Friday morning I met with my oncologist to discuss the results of some scans that took place the previous evening.
I have a recurrence of colon cancer in my liver.
This re-staging means that my diagnosis has been upgraded to Stage IV.
What this means for my treatment remains up in the air, probably for a few more days, as my care team explores my options.
…and there are options.
My imaging and medical history will be presented at my cancer centre’s tumour board, where a team of specialists will review my new scans and help to carve a path forward.
Colon cancer is unique compared to other cancers because if it only spreads to the liver, curative treatment can still be part of the plan.
The availability of curative treatment for me hinges on whether or not the lesions in my liver can be surgically removed. Things get a whole lot more complicated if surgery isn’t an option, though there are still avenues of treatment available to me.
Should I hear that surgery is not an option, I’ll seek a referral to the cancer centre in Toronto for a second opinion.

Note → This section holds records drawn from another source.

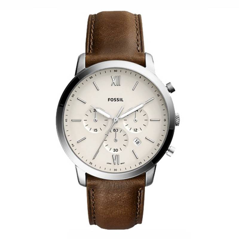 La gente masculine appréciera ce modèle au cadran de couleur crème. Dissimulés en son coeur, chaque détail est pensé pour vous satisfaire. De forme traditionnelle ronde, il abrite trois compteurs ton-sur-ton qui se laissent peu entrevoir, pour un design épuré. A trois, six et neuf heures, ils indiquent respectivement un compteur vingt-quatre heures, soixante secondes et trente minutes. Notez que l'aiguille des heures et celle des secondes sont luminescentes grâce à leur revêtement blanc. La fine et longue trotteuse, de couleur argentée se déplace sur le pourtour du cadran. Les index, eux aussi luminescents, sont représentés par des bâtons ainsi que par des chiffres romains à midi et à six heures. Un chemin de fer des minutes prend discrètement place sur le réhaut, accompagné de chiffres arabes numérotés de 05 à 60. De plus, un guichet date est présent entre quatre et cinq heures. Fossil signe de son nom cette montre, à midi.
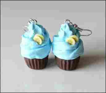 kolczyki z modeliny fimo, cupcake, błękit,pastele
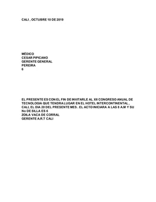 El documento contiene 20 invitaciones para asistir al XII Congreso Anual de Tecnología que se llevará a cabo el 20 de octubre en el Hotel Intercontinental de Cali. Cada invitación incluye el nombre, profesión y lugar de origen de la persona invitada, así como el número de silla que se le ha asignado.
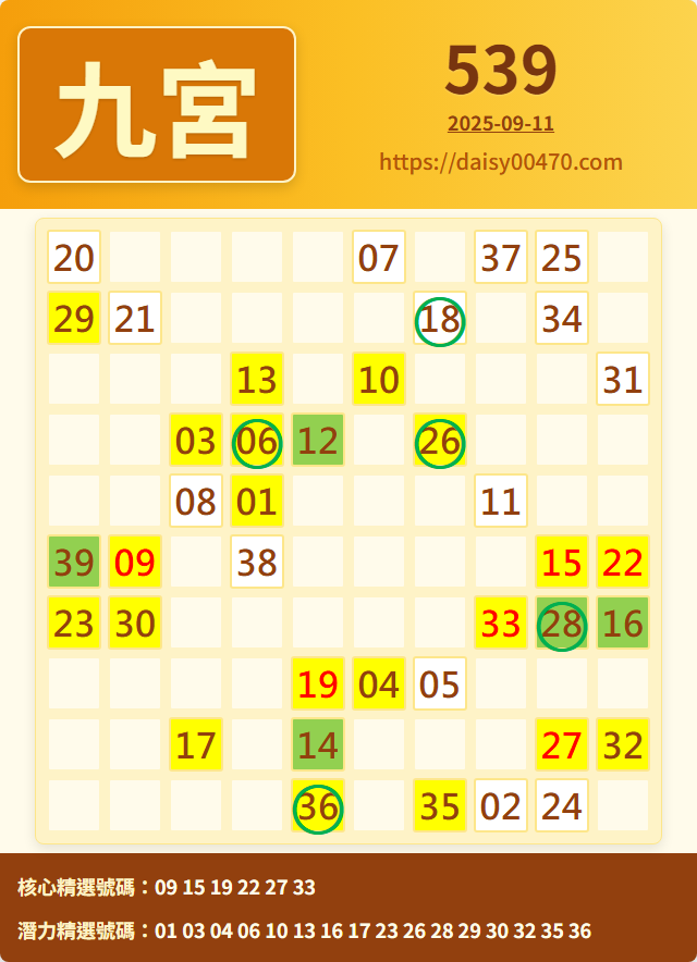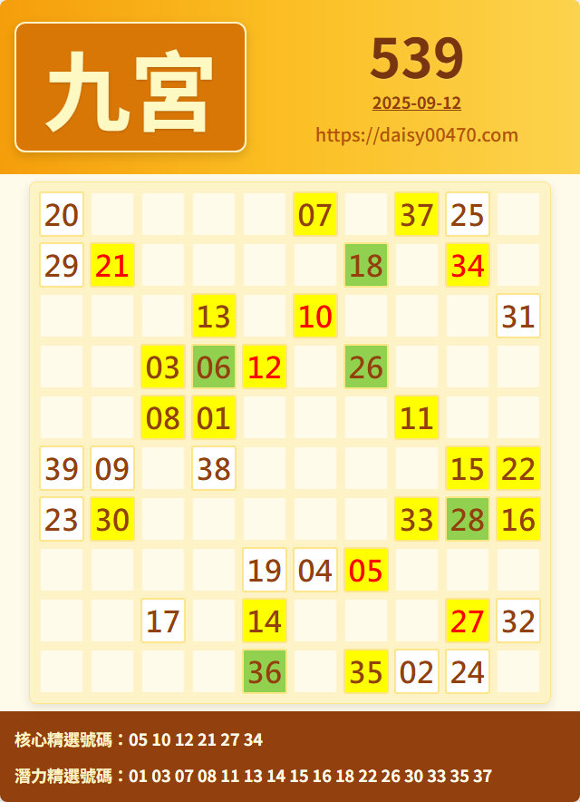 9/12 今彩539 九宮 精選 高機牌 合牌參考
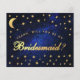 It has golden yellow text on navy blue sky background, with faux gold stars and moon. The word Bridesmaid on the front (that is in faux gold foil) and the message on the back are written in an elegant calligraphic script, the arched text "[Name] will you be my" above the word Bridesmaid in small caps.
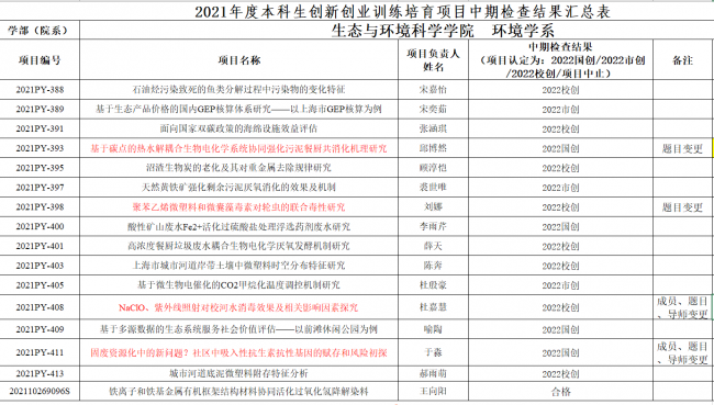 2022年4月6日下午1:00起,生态与环境科学学院开展了2021年度本科生创新创业训练培育项目的中期检验以及延期市创项目的结题验收评审会。受疫情影响,本次评审会采用线上腾讯会议的形式,分2场进行:环境学系评审老师由邓晶晶、王兆慧、徐启新组成,共审阅16个科创项目;生态学系评审老师由邓杰、伏玉玲、邢丁亮组成,共审阅12个科创项目。
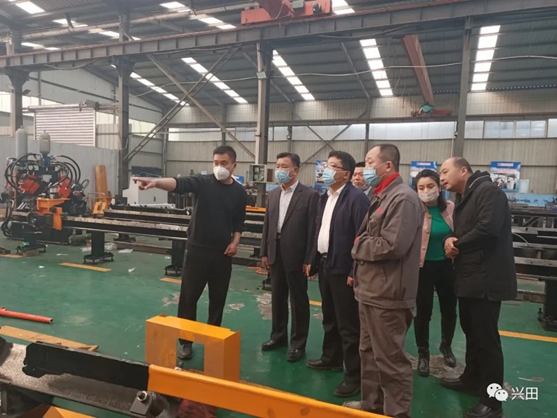 爾后,平陰縣領(lǐng)導(dǎo)一行來(lái)到公司工廠生產(chǎn)車間,現(xiàn)場(chǎng)考察了工廠的復(fù)工復(fù)產(chǎn)情況、員工到崗情況、技術(shù)研發(fā)情況和口罩機(jī)的研發(fā)生產(chǎn)情況。

We’ll be getting into questions of arcane treatments that I dare not speculate on at this point, but I don’t want to leave any stones unturned here.
The number of people I know who’ve beat colon cancer deemed medically incurable gives me a lot of hope, here.
How am I taking it?
I’m doing fine.
After the news yesterday, Shannon and I went out for a couple of pints and some tacos for Cinco de Mayo.

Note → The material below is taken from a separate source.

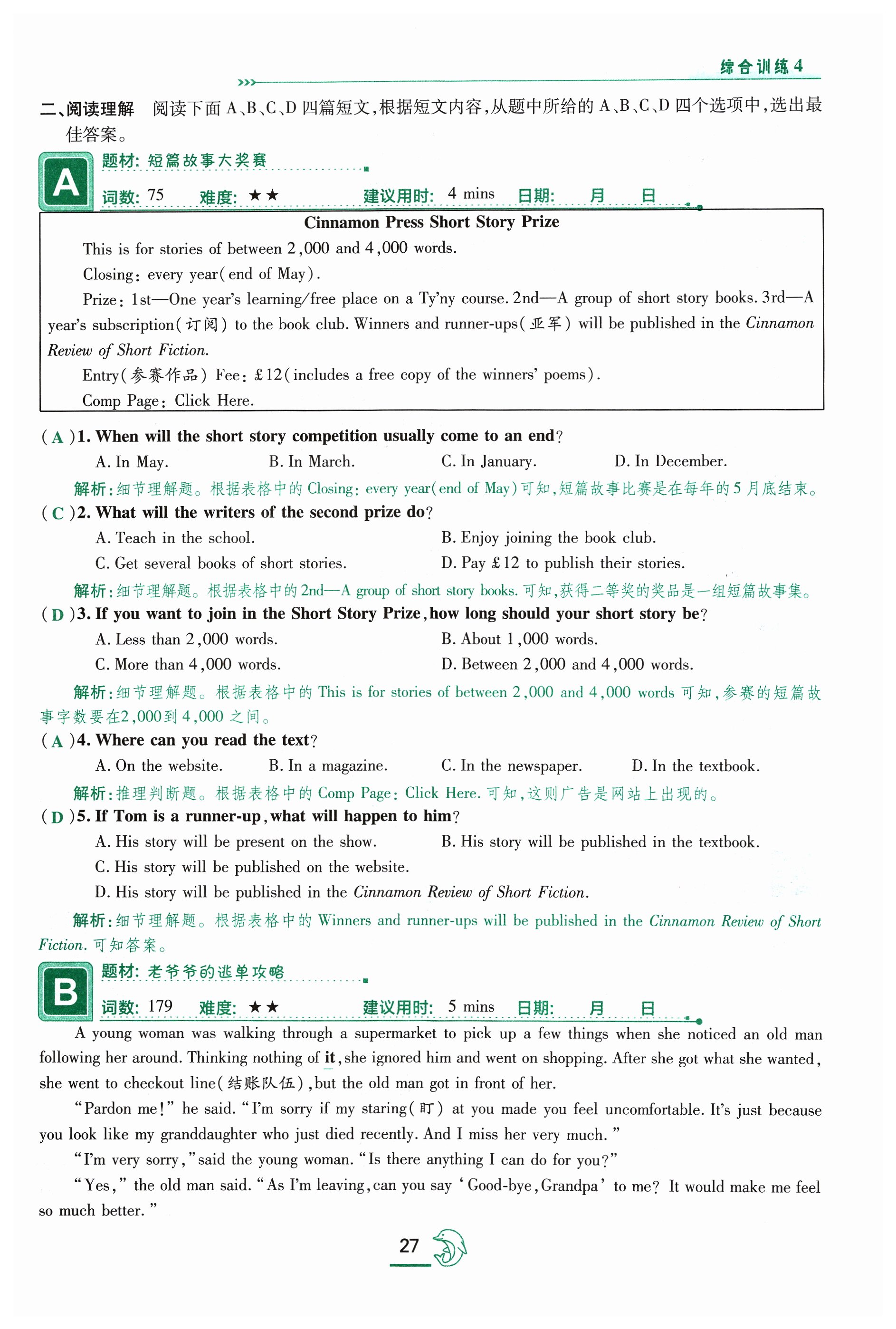 注:目前有些书本章节名称可能整理的还不是很完善,但都是按照顺序排列的,请同学们按照顺序仔细查找。练习册 2023年激情英语读写综合训练八年级英语福建专版 答案主要是用来给同学们做完题方便对答案用的,请勿直接抄袭。

This morning I went for a nice trail walk with a friend. Tomorrow I’m getting my port flushed and meeting up with a different friend to catch up.
Really, I’m doing fine. It’s everyone else that I’m worried about.
I’ve been operating with the knowledge that a cancer recurrence was a probability for me. It’s just disappointing that it’s so soon after finishing my treatment.
It’s nobody’s fault: modern oncology only reaches so far. My disappointment is that my first round of treatment failed.
From the outset, we knew it was a long shot.
I’ll just do what I can. Keep. Fucking. Going.